Here I have a real human brain. It’s a brain that was donated to us here at the medical school at the University of Oxford to help us teach our medical students. And it’s quite awesome and more than just a little sad to think that in this organ, more than perhaps anywhere else, a person once lived. In fact, you could put it more

strongly than this. You could say a person was once alive because this brain was once able to do what brains do. Perhaps we should just spend a moment to imagine what a day in the life of this brain would have been like. The brain would have, one morning, found itself in bed and the thalamus would have broken out of the brain’s sleep rhythm. The person would have woken up, he would have opened his eyes. As he was opening his eyes, lots of nerve impulses would have fluttered into the optic nerve, would’ve traveled towards the back of the brain where the nerve cells living in the occipital cortex would have formed images on the retina.

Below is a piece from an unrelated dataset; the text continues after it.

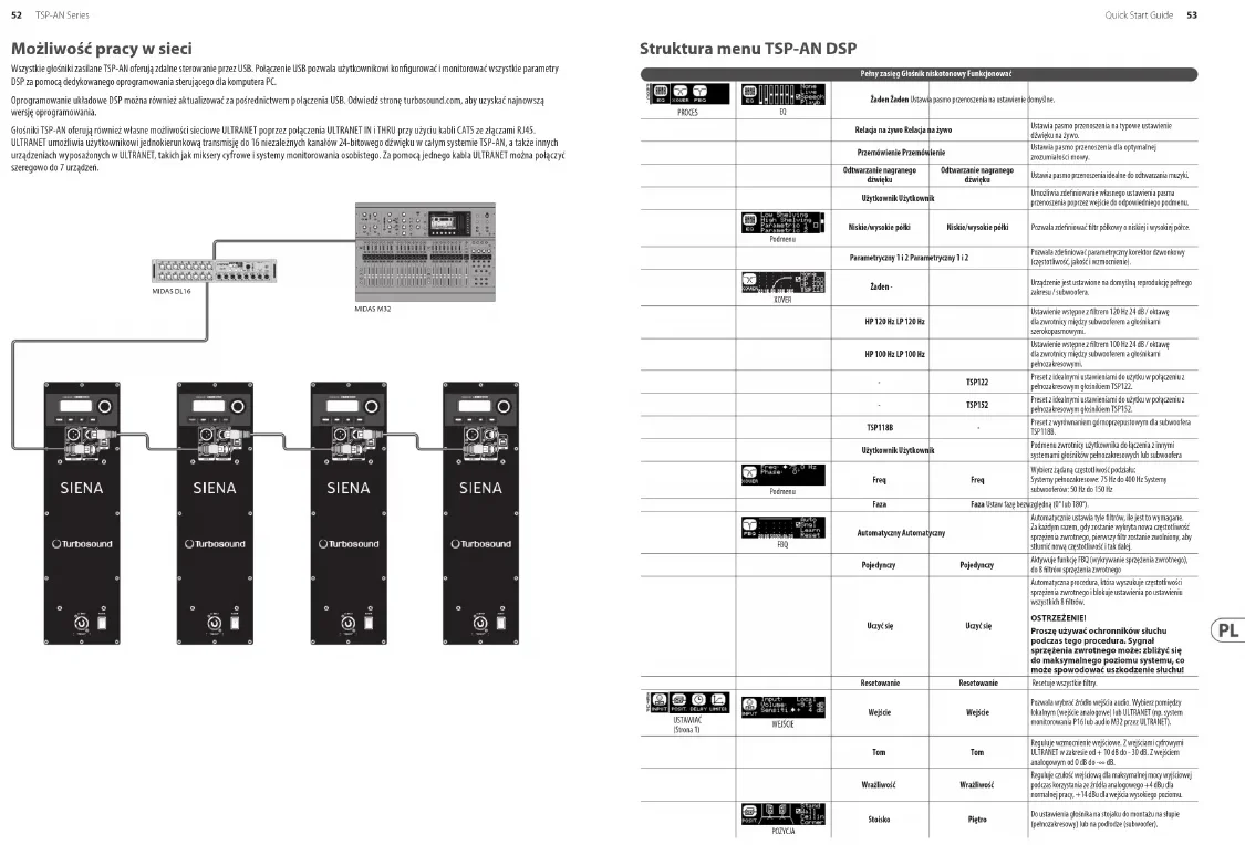 Żaden Żaden Ustawia pasmo przenoszenia na ustawienie domyślne. Relacja na żywo Relacja na żywo Ustawia pasmo przenoszenia na typowe ustawienie dźwięku na żywo. Przemówienie Przemówienie Ustawia pasmo przenoszenia dla optymalnej zrozumiałości mowy. Odtwarzanie nagranego dźwięku Odtwarzanie nagranego dźwięku Ustawia pasmo przenoszenia idealne do odtwarzania muzyki. Użytkownik Użytkownik Umożliwia zdeniowanie własnego ustawienia pasma przenoszenia poprzez wejście do odpowiedniego podmenu. Podmenu Niskie/wysokie półki Niskie/wysokie półki Pozwala zdeniować ltr półkowy o niskiej i wysokiej półce. Parametryczny 1 i 2 Parametryczny 1 i 2 Pozwala zdeniować parametryczny korektor dzwonkowy (częstotliwość, jakość i wzmocnienie). XOVER Żaden - Urządzenie jest ustawione na domyślną reprodukcję pełnego zakresu / subwoofera. HP 120 Hz LP 120 Hz Ustawienie wstępne z ltrem 120 Hz 24 dB / oktawę dla zwrotnicy między subwooferem a głośnikami szerokopasmowymi. HP 100 Hz LP 100 Hz Ustawienie wstępne z ltrem 100 Hz 24 dB / oktawę dla zwrotnicy między subwooferem a głośnikami pełnozakresowymi. - TSP122 Preset z idealnymi ustawieniami do użytku w połączeniu z pełnozakresowym głośnikiem TSP122. - TSP152 Preset z idealnymi ustawieniami do użytku w połączeniu z pełnozakresowym głośnikiem TSP152. TSP118B - Preset z wyrównaniem górnoprzepustowym dla subwoofera TSP118B. Użytkownik Użytkownik Podmenu zwrotnicy użytkownika do łączenia z innymi systemami głośników pełnozakresowych lub subwoofera Podmenu Freq Freq Wybierz żądaną częstotliwość podziału: Systemy pełnozakresowe: 75 Hz do 400 Hz Systemy subwooferów: 50 Hz do 150 Hz Faza Faza Ustaw fazę bezwzględną (0° lub 180°). FBQ Automatyczny Automatyczny Automatycznie ustawia tyle ltrów, ile jest to wymagane. Za każdym razem, gdy zostanie wykryta nowa częstotliwość sprzężenia zwrotnego, pierwszy ltr zostanie zwolniony, aby stłumić nową częstotliwość i tak dalej. Pojedynczy Pojedynczy Aktywuje funkcję FBQ (wykrywanie sprzężenia zwrotnego), do 8 ltrów sprzężenia zwrotnego Uczyć się Uczyć się Automatyczna procedura, która wyszukuje częstotliwości sprzężenia zwrotnego i blokuje ustawienia po ustawieniu wszystkich 8 ltrów. OSTRZEŻENIE! Proszę używać ochronników słuchu podczas tego procedura. Sygnał sprzężenia zwrotnego może: zbliżyć się do maksymalnego poziomu systemu, co może spowodować uszkodzenie słuchu! Resetowanie Resetowanie Resetuje wszystkie ltry. USTAWIAĆ (Strona 1) WEJŚCIE Wejście Wejście Pozwala wybrać źródło wejścia audio. Wybierz pomiędzy lokalnym (wejście analogowe) lub ULTRANET (np. system monitorowania P16 lub audio M32 przez ULTRANET). Tom Tom Reguluje wzmocnienie wejściowe. Z wejściami cyfrowymi ULTRANET w zakresie od + 10 dB do - 30 dB. Z wejściem analogowym od 0 dB do -∞ dB. Wrażliwość Wrażliwość Reguluje czułość wejściową dla maksymalnej mocy wyjściowej podczas korzystania ze źródła analogowego +4 dBu dla normalnej pracy, +14 dBu dla wejścia wysokiego poziomu. POZYCJA Stoisko Piętro Do ustawienia głośnika na stojaku do montażu na słupie (pełnozakresowy) lub na podłodze (subwoofer).54 Quick Start Guide 55TSP-AN Series Pełny zasięg Głośnik niskotonowy Funkcjonować Ściana Ściana Do umieszczenia głośnika na lub obok ściany (montaż stały); alternatywnie jako głośnik monitorowy (klin). Sut - Do umieszczenia głośnika na ścianie przy sucie (montaż stały). Kąt Kąt Do umieszczenia głośnika w rogu przy sucie (montaż stały); Do ustawienia głośnika w rogu (subwoofer). OPÓŹNIENIE Opóźnienie Opóźnienie Reguluje wielkość opóźnienia (maks. 300 ms = 103,08 m lub 338,19 stóp). Jednostka Jednostka Wybór pomiędzy milisekundami, metrami i stopami. OGRANICZNIK Limit Limit Ustaw próg limitera dla sygnału wejściowego (od OFF do -30 dB). Ta regulacja progu pozwala ustawić maksymalną moc wyjściową, która jest niższa niż maksymalna moc znamionowa systemu głośników. USTAWIAĆ (Strona 2) Wersja Wersja Wyświetla zainstalowaną wersję oprogramowania układowego. ZAŁADUJ

These retinal images would have then been sent down to the temporal lobes. The inferior temporal lobes have cells that recognize faces. They would have recognized the person’s wife sleeping next to him. His Broca’s area would have formulated and articulated the greeting to the wife, “Good morning, Darling.” His temporal lobes would have listened out for a reply. The wife would have said, “Go and make some coffee.” The motor cortexes together with the basal ganglia underneath would have started off this motor program. The man would have got up, and walked down the stairs to the kitchen in a well-rehearsed motor pattern which runs on autopilot because the cerebellum would have rehearsed these actions so many times that he doesn’t even have to think about them anymore. The auto pilot basically runs out of the cerebellum. He goes into the kitchen, he puts the kettle on, he brews the coffee. The olfactory bulbs which bring information in from the nose would have smelled the coffee. The orbital frontal cortex would have thought about whether or not he found breakfast delicious. And during all this time, his prefontal cortex would have worried about getting the children off on time to the school run. Each of these parts of the brain would have contributed something their own thing to the person’s experience and this morning. But while each of them has their own role to play, they work together in such an intricately interconnected manner that if you live inside of one of those brains, you have this impression of being just a single person rather than a collection of organs that is distributed across this brain.